I have the AMD Radeon Pro 5500M 4 GB with no problems. i9, 64G RAM, 1 TB SSD, clamshell mode using an external 34" LG monitor. Running Logic Pro X.


----------



## Brian Cho (Jul 13, 2020)

ClaudioT said:


> Hi guys, my notebook has abandoned me after many years and I also have just bought a MacBook Pro 16.
> Still haven’t installed the software though (Cubase 10 and Komplete mainly).
> I started from the top configuration (i9 8 cores, 1 TB, 5500M) and just brought the ram to 64 GB. Plan to use it with 2 AOC 23.8” monitors (still waiting for the cables).
> 
> ...



I opted for the 1TB SSD for my MBP and run my sample libraries on 2 2TB Samsung T5's.


----------



## gsilbers (Jul 13, 2020)

Brian Cho said:


> I have the AMD Radeon Pro 5500M 4 GB with no problems. i9, 64G RAM, 1 TB SSD, clamshell mode using an external 34" LG monitor. Running Logic Pro X.



do u get heat/fan noise issues? 

while logic alone is fine, its when there is a couple of tabs of safari or chrome open, plus mail app and other small apps open.


----------



## Brian Cho (Jul 13, 2020)

gsilbers said:


> do u get heat/fan noise issues?
> 
> while logic alone is fine, its when there is a couple of tabs of safari or chrome open, plus mail app and other small apps open.



Hmm I guess I'm one of the lucky ones who doesn't have heat/fan issues. I can hear the fan going and my MBP getting warm but it seems from the typical use of running Logic Sessions and increasing track counts, etc. I do tend to use headphones more (HD 650's), so maybe I don't hear it as much...but overall, I love the 16" MBP. I love that this model has 8-cores, 64G RAM, and works as my main AND portable rig. To each his own but for me, this is one of my favorite, no regret purchases I've made in the last 6 months.


----------



## Brian Cho (Jul 13, 2020)

gsilbers said:


> do u get heat/fan noise issues?
> 
> while logic alone is fine, its when there is a couple of tabs of safari or chrome open, plus mail app and other small apps open.
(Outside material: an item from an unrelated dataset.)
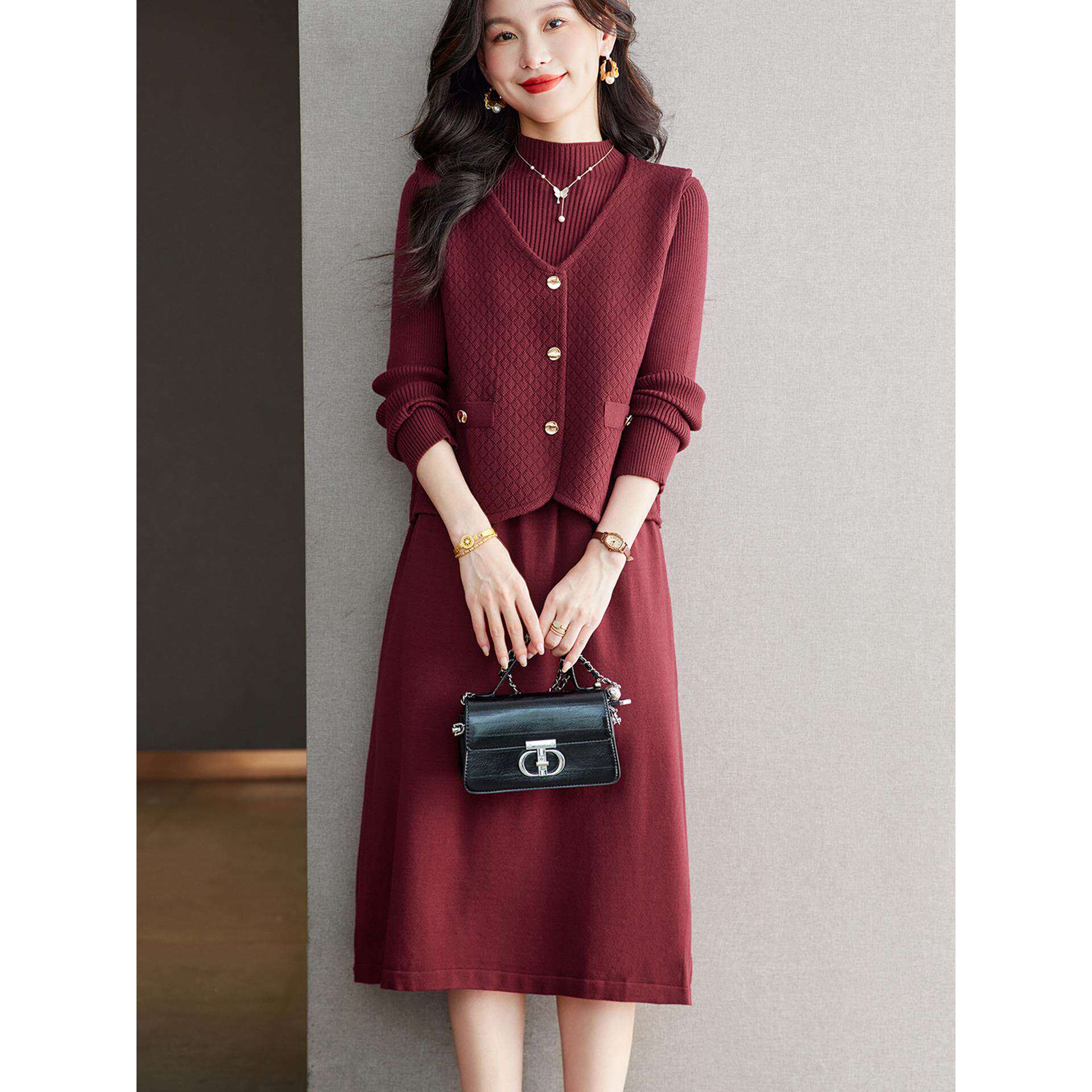 阔色新中式红色开衫外套背心裙子两件套装女25秋冬季毛衣连衣裙

Sorry I didn't answer your question! I have other apps open and that doesn't seem to increase the heat/fan THAT much more. For example, currently I have Logic Pro X, Zoom, Preview, and some tabs on Safari open. It's a little more than I usually have open at one time but seems alright


----------



## gsilbers (Jul 13, 2020)

Brian Cho said:


> Sorry I didn't answer your question! I have other apps open and that doesn't seem to increase the heat/fan THAT much more. For example, currently I have Logic Pro X, Zoom, Preview, and some tabs on Safari open. It's a little more than I usually have open at one time but seems alright



interesting. 

I sent mine to repair but doubt theyll actually fixed it. 
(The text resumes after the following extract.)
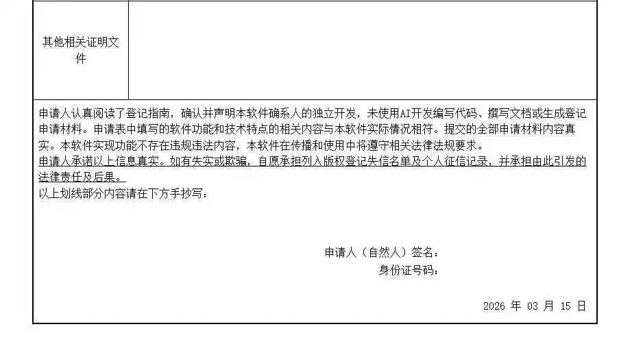 “未使用AI开发编写代码、撰写文档或生成登记申请材料”

i did see a ton of poeple complaing about the fan noise. 
mine ramp up like crazy with anything and even more w external monitor. 

i should get it this week and if its still the the same imma gooing to downgrade to an i7 2018 32gb 

But im still confused as to why a lot of poeple complain about the the fan noise but others like you dont have issues.


----------



## jcrosby (Jul 13, 2020)

gsilbers said:


> while logic alone is fine, its when there is a couple of tabs of safari or chrome open, plus mail app and other small apps open.
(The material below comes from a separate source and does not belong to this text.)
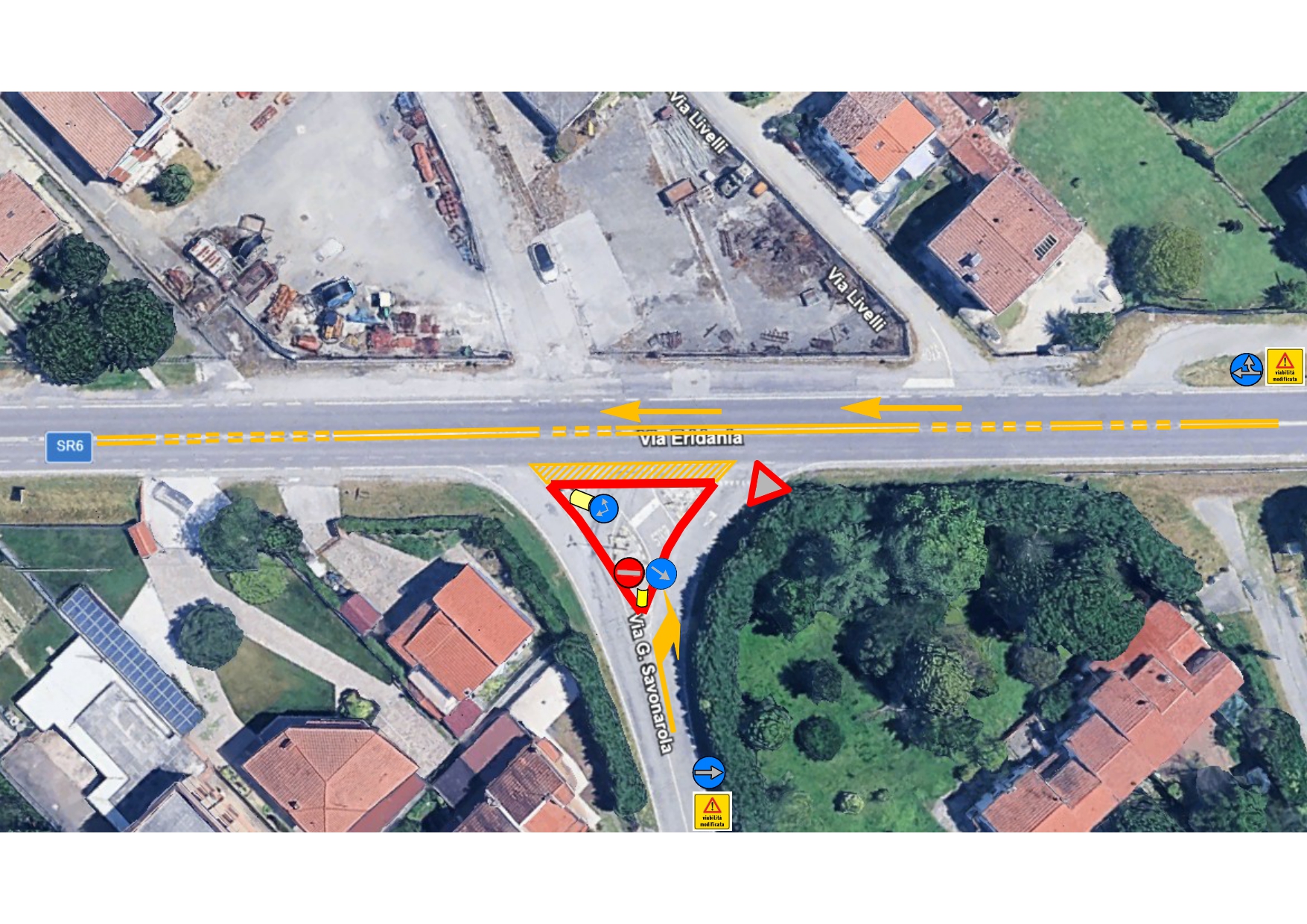 In pratica, non sarà più possibile per chi percorre l’Eridania, provenendo da Santa Maria Maddalena, svoltare a sinistra in via Savonarola, ma dovrà proseguire dritto ed entrare in paese da via Roma secondo tronco. Chi uscirà da via Savonarola potrà solo svoltare a destra verso Santa Maria Maddalena, ma non a sinistra in direzione Stienta. Chi proviene da Stienta potrà entrare in via Savonarola dalla via Eridania.

A few things you should look into that will reduce your browser(s) CPU/memory hit.

For Chrome I've use an extension called _Great Suspender_. It puts browser tabs to sleep and has a huge impact on the CPU hit and memory I used to see in Chrome... You can configure the time it waits to suspend a tab, you can ignore tab suspending, whitelist sites, etc. Basically I leave Gmail permanently whitelisted and put every other tab to sleep. I rarely use Safari but it looks like There's something very similar called _Tab Suspender_:

One other thing you should check out is an extension called _One Tab_. This will collapse save all of your browser tabs. You can then _rename_ and _lock_ the tab group, effectively saving your tabs for later and/or completely kicking their resources out of the queue until you reload them. You can also use it to save sets of tabs which is handy if you normally have a ton of tabs open, or want to revert after a browser crash. (You'll want to re-save every few days to a week if you want to use it for backup. I just lock and rename the new tabs by date...)

Between the two of these you'll see your browser CPU hit and memory usage massively shrink... Browsers have become CPU pigs, I stopped getting fan-spin issues on my 2018 as soon as I started using these...

Also might want to check out the browser Brave... It's built on Chrome but I find it requires a lot less resources. It'll let you import bookmarks and histories from all browsers, has the same tight security and privacy Safari does, tracker & add blocking built in, etc... The short version is I ditched Chrome for Brave in January and haven't looked back.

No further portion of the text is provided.